%%

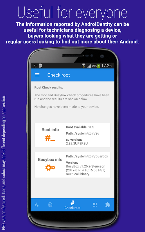 AndroIDentity এছাড়াও "su কমান্ড" বাইনারি উপস্থিতি, যা নির্দেশ করে আপনার ফোন মূলী হয় পরীক্ষা করতে পারেন। এই বৈশিষ্ট্যটি শুধু একটি কল্পনানুসারে নতুন ফোন কেনার তাদের জন্য এর, রুট পরীক্ষা তাদের জন্য উপকারে আসে: একটি নতুন ফোন রুট বা "su কমান্ড" উপস্থিতিতে ইঙ্গিত করে, এটি ছিল এটা ফার্মওয়্যার বা নষ্ট বুট-লোডার আছে।
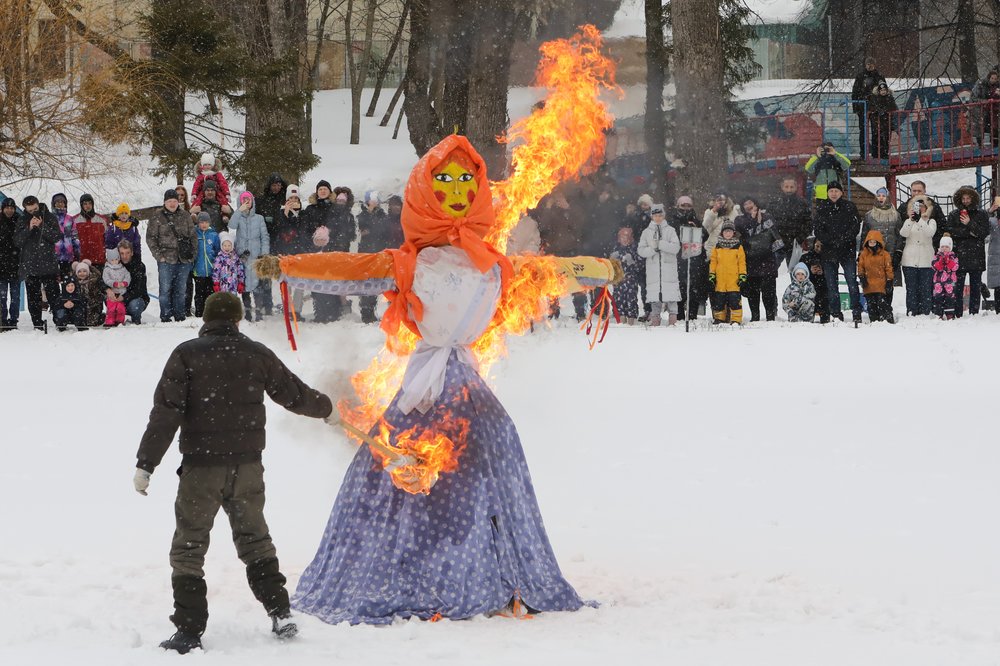 Последний день Масленицы традиционно отмечается в России сжиганием чучела, символизирующего окончательный уход зимы и вступление весны в свои права.
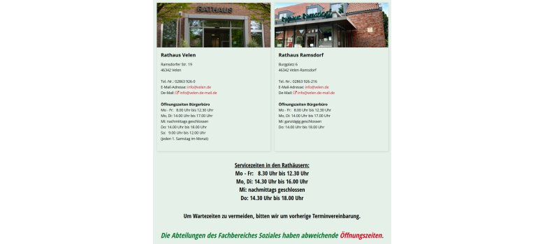 Die Rathäuser in Velen und Ramsdorf bleiben über die Osterfeiertage geschlossen.
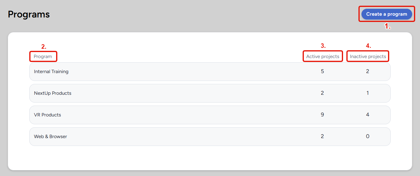 2. Program: The name of the program. Click a program row to go to the Projects Management page for that program, showing all projects within it.
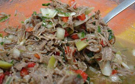 En un tazón colocar la cebolla,chile dulce rojo,verde,apio,culantro mezclar agregar el jugo de naranja,jugo de limón,sal,azúcar,tabasco,pimienta revolver bien agregar la carne desmechada fría revolver y servir,también puede colocar todo en el procesador menos el jugo de naranja y limón procesar bien agregar el jugo de naranja,limón y servir.

%%

=== Exercise instructions ===
Beginning with the line where "2. Program: The" appears, reproduce every remaining line of the listing above, the last one included, but none of the pictures.

=== Exercise solution ===
 2. Program: The name of the program. Click a program row to go to the Projects Management page for that program, showing all projects within it.
 En un tazón colocar la cebolla,chile dulce rojo,verde,apio,culantro mezclar agregar el jugo de naranja,jugo de limón,sal,azúcar,tabasco,pimienta revolver bien agregar la carne desmechada fría revolver y servir,también puede colocar todo en el procesador menos el jugo de naranja y limón procesar bien agregar el jugo de naranja,limón y servir.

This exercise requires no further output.